Damn it! No time! I’ll just have to hope I don’t make a complete tit of myself in front of all the other riders…who are probably already wondering why I’ve decided to start from the wrong side of the road, leaving the ‘hold you up’ guy in need of traction afterwards.
I wish I’d warmed up instead of standing around chatting until I started shivering. That wasn’t very ‘pro’, was it


Which way does the course go again?


Wait hang on, I think I’m in too big a…




Naaaaarrgrggrrgg. aaarrrrnggng, huuuhhuhhhu, pedal aarga go get going move it aaaaarg

Like a 1 litre overloaded nissan micra setting off up a hill in top gear I cough and splutter into a super gradual acceleration away from the line.
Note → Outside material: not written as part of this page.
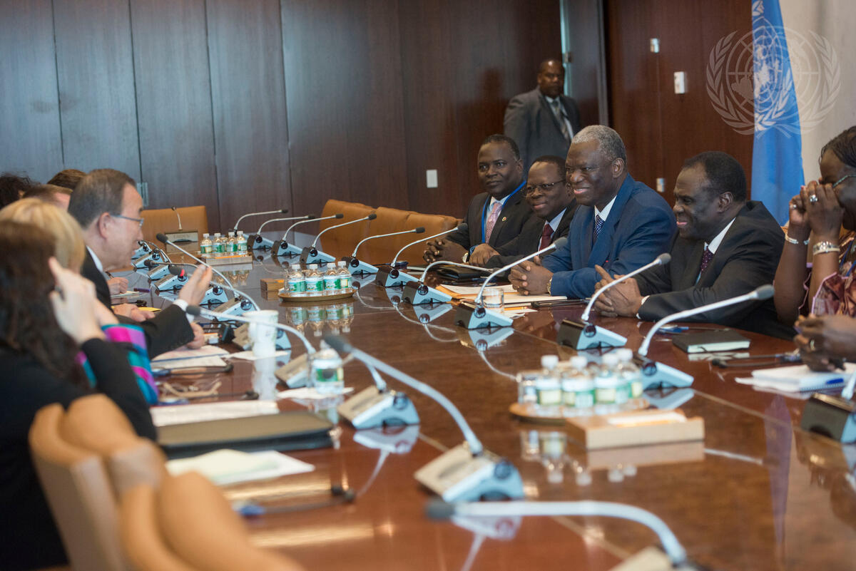 Secretary-General Ban Ki-moon (third from left) meets Michel Kafando (second from right), Transitional President of Burkina Faso.
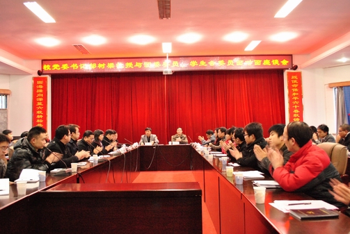 会议伊始,赵红副书记介绍了本次面对面活动开展的意义,强调了学校党委、行政对校团委、学生会的工作高度重视,定期专题研究、讨论校团委、学生会工作,并经常听取团委、学生会的工作汇报,对两委委员成长发展也十分关注,党委书记邹树梁教授特别从繁忙的工作中抽空利用元旦假期与学校团委、学生会两委委员面对面座谈,亲临委员当中听取大家的心声,讨论学校建设发展大计以及团学工作的发展大计。在发言中,校团委委员文法学院分团委书记代明老师就学风建设进行了发言,提出了存在的一些问题,从部分学生学习目的不够明确、学习风气欠佳、校园学风氛围的营造等六个方面谈了自己的看法和建议;船山学院分团委书记李国华就新校区建设即船山学院的建设与发展提出了自己的意见和建议。校学生会副主席丁一伟同学结合自身大学三年多的学习、工作与生活经历,针对南华学子如何在创建高水平大学中发挥积极作用提出了自己的合理化的建议。校团委书记谢四平就近年团委团学工作的开展谈了三点看法:一、加强团的基层组织建设对团学工作的重要性。指出团学工作中存在的问题和不足,如:团员意识不够强,基层团组织活动没有更好地围绕团的宗旨和性质来开展。二、团学工作要围绕巩固基层团组织建设开展工作。校团委将对基层团组织工作给予大力支持,加大团组织的建设力度,提升团组织成员的素质,扎实落实党组织建设出台的相关政策。三、充分以党建带动团建,积极开展“创先争优”活动,进一步提升团学活动内涵。

Are my brakes stuck on? Have i inadvertently dragged ‘hold you up’ guy along for the ride? Will I have to do the whole thing with him hanging on my back? Christ why am I not going anywhere and what is that weird feeling in my chest?

Oh, that’s my lungs gong into complete shock. Fair enough. Oh look my thighs appear to have joined them. Well, this is going well isn’t it, my body’s revolting against me and I must have ridden all of about 500 metres from the line. Hmm. How long is the course again? 3 miles? Ahh. Right.
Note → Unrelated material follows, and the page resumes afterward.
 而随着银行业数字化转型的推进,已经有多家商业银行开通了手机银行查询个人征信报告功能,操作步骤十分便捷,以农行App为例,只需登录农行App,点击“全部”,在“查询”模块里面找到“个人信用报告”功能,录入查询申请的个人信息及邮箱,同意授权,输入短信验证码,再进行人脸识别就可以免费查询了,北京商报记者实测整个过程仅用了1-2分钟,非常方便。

Oww actually, this really hurts.

A glance down (well, more accurately an attempt to focus on where I was already staring – I’d not looked up since wobbling away from the start line) at the computer tells me I’ve hit the heady speed of 18mph. which seems odd, as the feedback from every part of my body suggests I should have just heard a sonic boom as I went past the speed of sound. The pain -> speed ratio here is all to cock. On the plus side, I have ridden half a mile and seem to be settling into a bit of a rhythm on the flatter section of the course. If extreme discomfort can be classed as a rhythm.

I should probably stop thinking and just get on with it. Turn my head off for a while. Why can you never turn your head off when you want to?
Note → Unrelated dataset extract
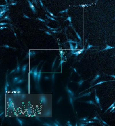 이럴 때 NFkB가 사용하는 특정 '부호 단어(word of code)'는, NFkB가 외부 자극을 발견하고 8시간 이상 진동 상태였는지 아니면 고정 상태였는지에 따라 달라졌다.
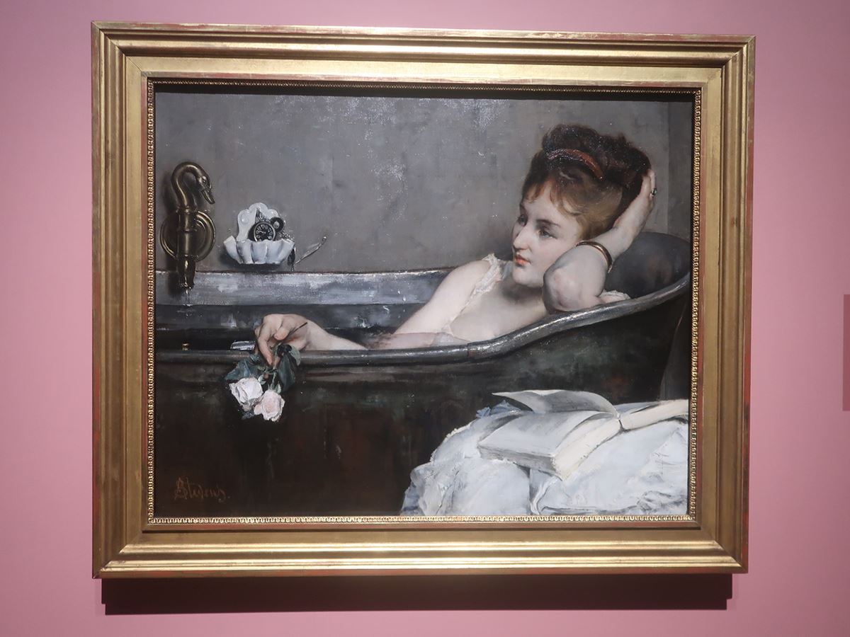 第2章には、こうした家庭内の楽しみのほか、女性が裁縫や刺繡にいそしむ姿や、さらに奥の私室で身づくろいや入浴をする場面を描いた作品も続く。この章で気づくのは、描かれているのは圧倒的に女性が多いこと。当時は、女性の領域は私的な室内とされており、上流の女性は一人で外出することも許されなかった。親密な雰囲気の室内情景には、そうした時代背景も内包されている。

Is my right shoe a bit loose?

Ooh wait, I think i’m really getting into this now, yes, here we go I’m accelerati…oh wait no, it was just a dip in the road, back to massive thigh pain

(I do feel like my thighs are massive at this point. In fact it seems like a miracle that they’ve not burst, Hulk stylee, out of my shorts)

A waving flag of a marshal bravely stood in the middle of the road tells me I’m at the sharp left hand turn halfway along the route. Momentary joy as I briefly regain the lean angle I had on the start line is wiped away as I remember that the left turn means I’m on the steeper part of the course.

It’s a hill I hate when I ride it normally. It just doesn’t seem to suit me, not steep enough to really fight your way up, but still too steep and with too many changes in gradient to pick a gear and ‘work it’ to the top. I’m never quick up it at the best of times and tonight, with a couple of miles of intense effort already weighing me down tag-teaming with a gusting headwind, there’s a strong possibility I may come to a complete halt and start rolling backwards.

Pic by martin holden photography

As the road kicks up in front of me I give up any plans about pacing, optimum riding position, efficiency or even thinking full words, in favour of just getting up the bloody hill.

There are spectators (a few of them) alongside the road giving encouragement as I flail about on the pedals, grinding the chain against the front mech as the bike protests at my awful riding style. I stop looking towards them when I realise my eyes must suggest I’m pleading for an end to the suffering and aim what little attention I can hold at the road just in front of my wheel.

That patch road becomes, to my surprise, full of someone else’s back wheel. The guy who set off 1 minute before me (who didn’t seem to be leant over as far as I was) was riding quite a retro bike, leaving me with startline aspirations of catching him before we reached the summit. For the first few miles I’d not really seen him, even though the road was fairly straight, so I’d put any thought about it to the back of my mind, coming to the conclusion that he might well have been riding it to slow himself down a bit as, without the handicap, he’d be illegally fast, or something.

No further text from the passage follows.